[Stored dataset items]
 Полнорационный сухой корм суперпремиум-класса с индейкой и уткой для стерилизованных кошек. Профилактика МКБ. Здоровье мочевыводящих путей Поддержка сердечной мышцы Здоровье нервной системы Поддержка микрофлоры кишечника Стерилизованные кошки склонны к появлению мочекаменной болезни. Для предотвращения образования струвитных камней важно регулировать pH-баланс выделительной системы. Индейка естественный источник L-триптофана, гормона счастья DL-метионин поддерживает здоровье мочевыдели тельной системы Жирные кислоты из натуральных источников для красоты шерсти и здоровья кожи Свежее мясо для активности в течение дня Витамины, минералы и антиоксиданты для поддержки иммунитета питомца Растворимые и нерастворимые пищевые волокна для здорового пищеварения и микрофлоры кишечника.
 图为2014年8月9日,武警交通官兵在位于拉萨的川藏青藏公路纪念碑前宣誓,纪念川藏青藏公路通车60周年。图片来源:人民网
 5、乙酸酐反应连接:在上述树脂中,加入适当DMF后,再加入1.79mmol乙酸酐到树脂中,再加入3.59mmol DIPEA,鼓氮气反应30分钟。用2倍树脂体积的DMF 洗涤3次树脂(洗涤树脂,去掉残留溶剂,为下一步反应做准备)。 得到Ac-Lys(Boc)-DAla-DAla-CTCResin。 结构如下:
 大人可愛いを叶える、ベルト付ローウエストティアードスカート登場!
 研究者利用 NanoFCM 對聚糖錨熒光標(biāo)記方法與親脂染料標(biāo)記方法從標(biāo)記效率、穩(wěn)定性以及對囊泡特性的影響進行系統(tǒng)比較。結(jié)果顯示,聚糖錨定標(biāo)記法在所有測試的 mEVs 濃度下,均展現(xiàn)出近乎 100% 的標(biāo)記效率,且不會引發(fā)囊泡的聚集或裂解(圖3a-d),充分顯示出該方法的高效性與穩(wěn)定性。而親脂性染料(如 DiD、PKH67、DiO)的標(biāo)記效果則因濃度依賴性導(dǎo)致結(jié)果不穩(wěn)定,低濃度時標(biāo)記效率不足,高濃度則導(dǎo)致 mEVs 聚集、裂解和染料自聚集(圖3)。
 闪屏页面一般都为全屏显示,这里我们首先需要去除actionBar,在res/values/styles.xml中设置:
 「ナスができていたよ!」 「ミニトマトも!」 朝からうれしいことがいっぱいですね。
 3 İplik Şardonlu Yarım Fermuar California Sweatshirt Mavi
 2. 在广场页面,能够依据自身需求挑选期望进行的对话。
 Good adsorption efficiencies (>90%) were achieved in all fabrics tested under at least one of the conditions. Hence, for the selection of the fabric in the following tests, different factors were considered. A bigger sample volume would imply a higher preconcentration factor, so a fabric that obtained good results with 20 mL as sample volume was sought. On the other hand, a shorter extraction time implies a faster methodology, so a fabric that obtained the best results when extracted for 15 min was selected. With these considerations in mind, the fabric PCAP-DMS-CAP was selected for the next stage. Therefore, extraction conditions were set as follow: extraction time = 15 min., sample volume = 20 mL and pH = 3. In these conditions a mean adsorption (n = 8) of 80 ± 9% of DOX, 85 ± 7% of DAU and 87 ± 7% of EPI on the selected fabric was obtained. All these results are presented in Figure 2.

TASK GOAL:
Go through the entries above and reproduce each one exactly.

EXERCISE RESULT:
 Полнорационный сухой корм суперпремиум-класса с индейкой и уткой для стерилизованных кошек. Профилактика МКБ. Здоровье мочевыводящих путей Поддержка сердечной мышцы Здоровье нервной системы Поддержка микрофлоры кишечника Стерилизованные кошки склонны к появлению мочекаменной болезни. Для предотвращения образования струвитных камней важно регулировать pH-баланс выделительной системы. Индейка естественный источник L-триптофана, гормона счастья DL-метионин поддерживает здоровье мочевыдели тельной системы Жирные кислоты из натуральных источников для красоты шерсти и здоровья кожи Свежее мясо для активности в течение дня Витамины, минералы и антиоксиданты для поддержки иммунитета питомца Растворимые и нерастворимые пищевые волокна для здорового пищеварения и микрофлоры кишечника.
 图为2014年8月9日,武警交通官兵在位于拉萨的川藏青藏公路纪念碑前宣誓,纪念川藏青藏公路通车60周年。图片来源:人民网
 5、乙酸酐反应连接:在上述树脂中,加入适当DMF后,再加入1.79mmol乙酸酐到树脂中,再加入3.59mmol DIPEA,鼓氮气反应30分钟。用2倍树脂体积的DMF 洗涤3次树脂(洗涤树脂,去掉残留溶剂,为下一步反应做准备)。 得到Ac-Lys(Boc)-DAla-DAla-CTCResin。 结构如下:
 大人可愛いを叶える、ベルト付ローウエストティアードスカート登場!
 研究者利用 NanoFCM 對聚糖錨熒光標(biāo)記方法與親脂染料標(biāo)記方法從標(biāo)記效率、穩(wěn)定性以及對囊泡特性的影響進行系統(tǒng)比較。結(jié)果顯示,聚糖錨定標(biāo)記法在所有測試的 mEVs 濃度下,均展現(xiàn)出近乎 100% 的標(biāo)記效率,且不會引發(fā)囊泡的聚集或裂解(圖3a-d),充分顯示出該方法的高效性與穩(wěn)定性。而親脂性染料(如 DiD、PKH67、DiO)的標(biāo)記效果則因濃度依賴性導(dǎo)致結(jié)果不穩(wěn)定,低濃度時標(biāo)記效率不足,高濃度則導(dǎo)致 mEVs 聚集、裂解和染料自聚集(圖3)。
 闪屏页面一般都为全屏显示,这里我们首先需要去除actionBar,在res/values/styles.xml中设置:
 「ナスができていたよ!」 「ミニトマトも!」 朝からうれしいことがいっぱいですね。
 3 İplik Şardonlu Yarım Fermuar California Sweatshirt Mavi
 2. 在广场页面,能够依据自身需求挑选期望进行的对话。
 Good adsorption efficiencies (>90%) were achieved in all fabrics tested under at least one of the conditions. Hence, for the selection of the fabric in the following tests, different factors were considered. A bigger sample volume would imply a higher preconcentration factor, so a fabric that obtained good results with 20 mL as sample volume was sought. On the other hand, a shorter extraction time implies a faster methodology, so a fabric that obtained the best results when extracted for 15 min was selected. With these considerations in mind, the fabric PCAP-DMS-CAP was selected for the next stage. Therefore, extraction conditions were set as follow: extraction time = 15 min., sample volume = 20 mL and pH = 3. In these conditions a mean adsorption (n = 8) of 80 ± 9% of DOX, 85 ± 7% of DAU and 87 ± 7% of EPI on the selected fabric was obtained. All these results are presented in Figure 2.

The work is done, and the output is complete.